# Biting Zip Ties



## Barley N. Hopps (Feb 27, 2014)

I've seen some pretty skookum home-made cages here! I made one too but I find the odd bitten zip tie and have to hunt around to find out where it was to replace it. Any ideas on how to get the bunny to quit biting them? Put something nasty-tasting on them?


----------



## whiskylollipop (Feb 27, 2014)

Put toys made of untreated wood/twine/twigs in so he has other options to chew on. If that doesn't work I'd just write it off as one of the sacrifices of bunny keeping. You can't really stop them from chewing something they set their mind on chewing.

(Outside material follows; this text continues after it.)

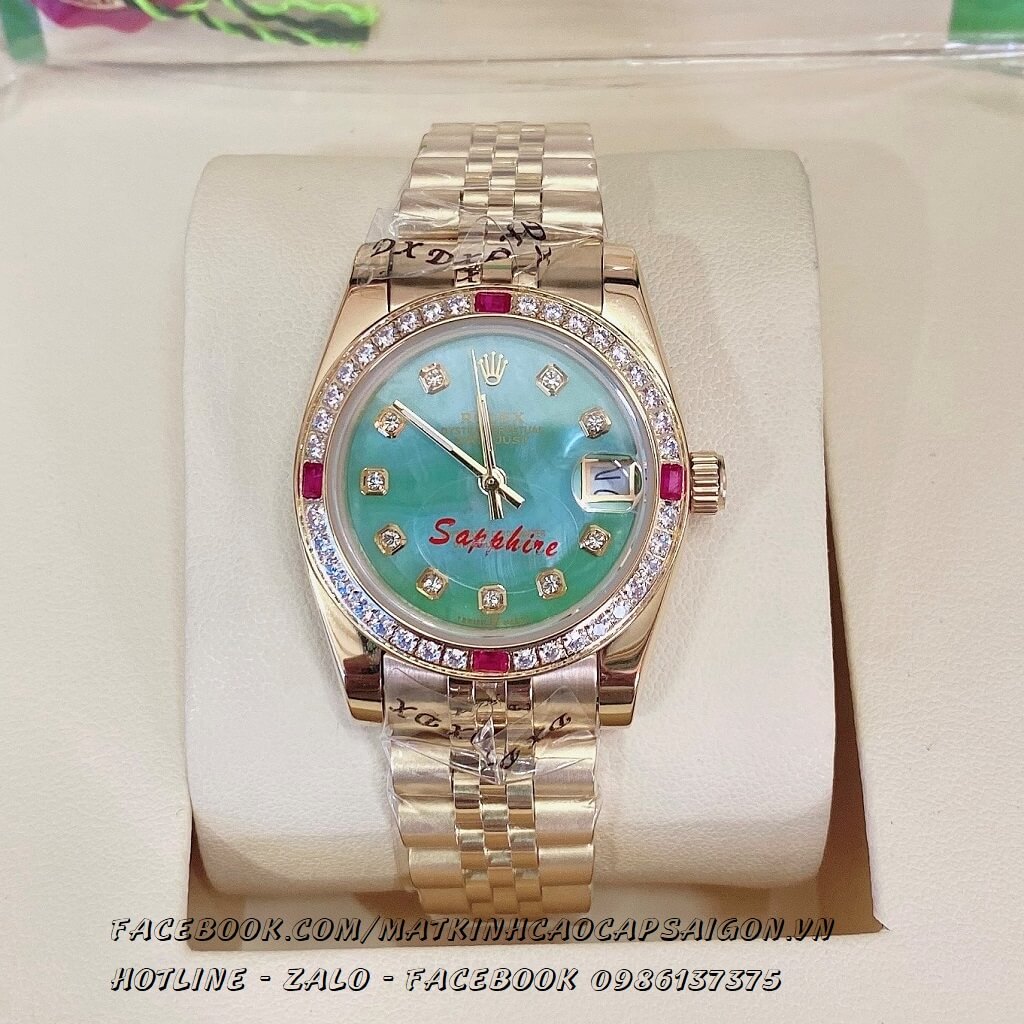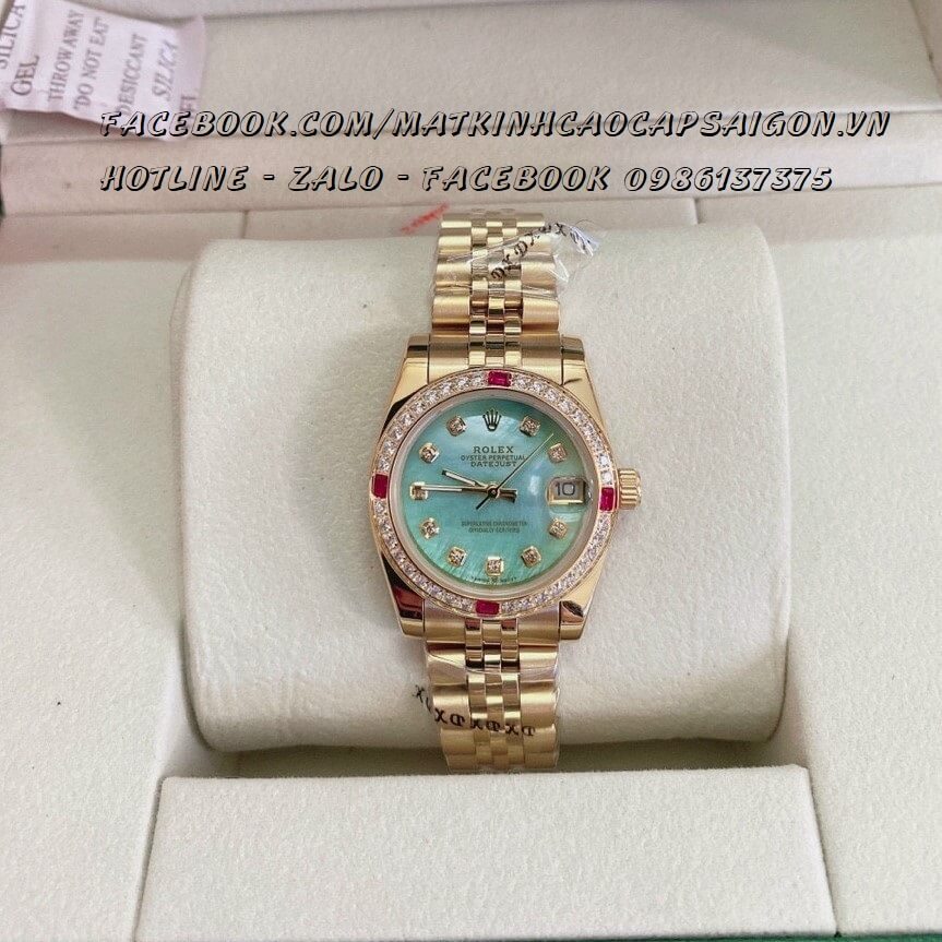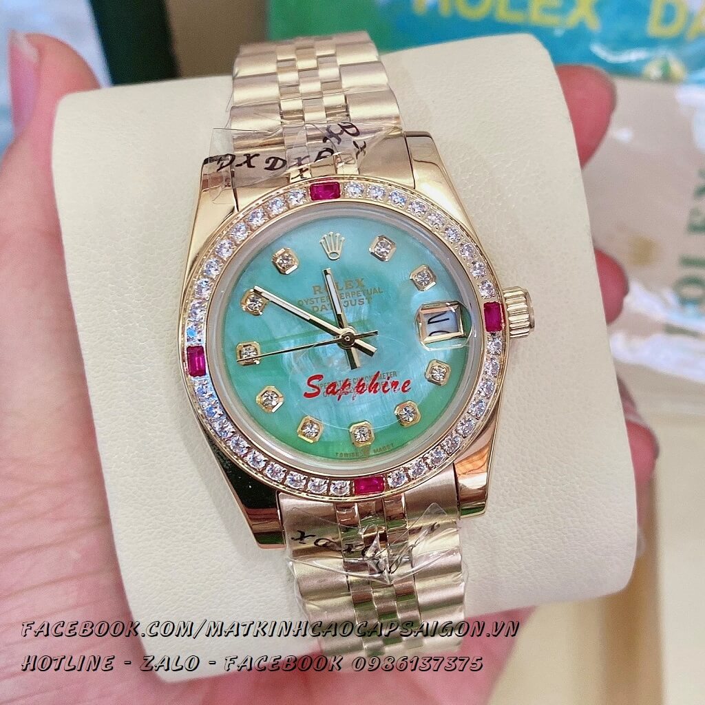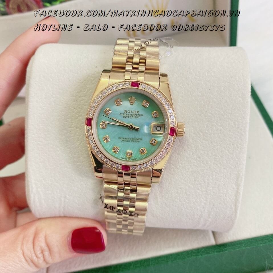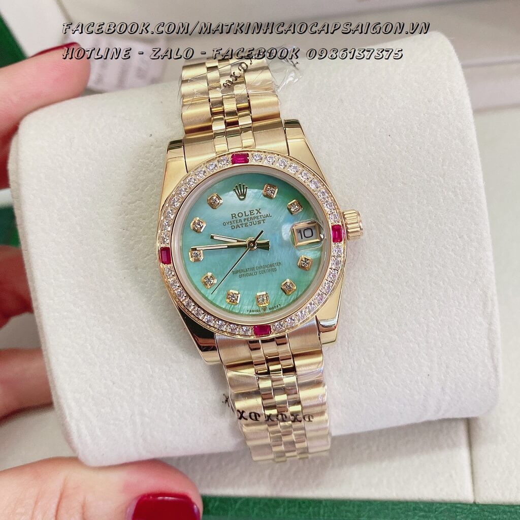 Đồng Hồ Rolex Quartz Nữ Đính Đá Vàng Mặt Xanh Ngọc 32mm

I've tried putting hot sauce, real face-melting Asian hot sauce, on things I didn't want my bunnies chewing, but turns out they loved the taste. Take after their human mommy I guess lol.

Some people try rubbing on soaps/detergents, but I wouldn't want to risk my bunny having a go at it anyway and falling sick.


----------



## Barley N. Hopps (Feb 27, 2014)

Thanks Whiskylollipop! (LOVE the little rabbit in your photo, by the way!) Barley has plenty of chew toys, twigs, hay, toilet paper rolls... and it's not like he's going after the zip ties voraciously so I'll just keep my eyes peeled for his illicit chewing activities. I had a good chuckle at your rabbits enjoying the hot sauce!


----------



## JBun (Feb 27, 2014)

You could try thicker zipties. Rubbing a bit of plain ivory bar soap on it may work. I think it's considered to be pretty safe, and buns usually hate the smell of it.


----------



## Sophie's Humble Servant (Feb 27, 2014)

Have you tried turning the zip tie around so that the nubby part is on the outside of the cage? I had to do a once over on Sophie's condo because she was finding the ties a bit too interesting at first. Once I turned the ties to the outside, she doesn't and can't really get at them at all now.


----------



## Barley N. Hopps (Feb 28, 2014)

Thank you JBun and Sophie's Humble Servant (love that name!) I have used the large size zip ties - replaced all the original small ones a couple years ago - but I'd forgotten about the Ivory soap trick! I used to rub that on the baseboards and it worked really well until I covered them all up with particle board. I'll try that on the zip ties. The zip ties are mostly nubby-part-out, but Barley is inside and outside of his cage so has access to them either way. Good thought though!


----------



## BlueMoods (Feb 28, 2014)

Go to a truck stop, look where the paper work (notebooks, log books etc...) are and find some metal seals, those work like zip ties but are metal so, no more chew problem.


----------



## Barley N. Hopps (Feb 28, 2014)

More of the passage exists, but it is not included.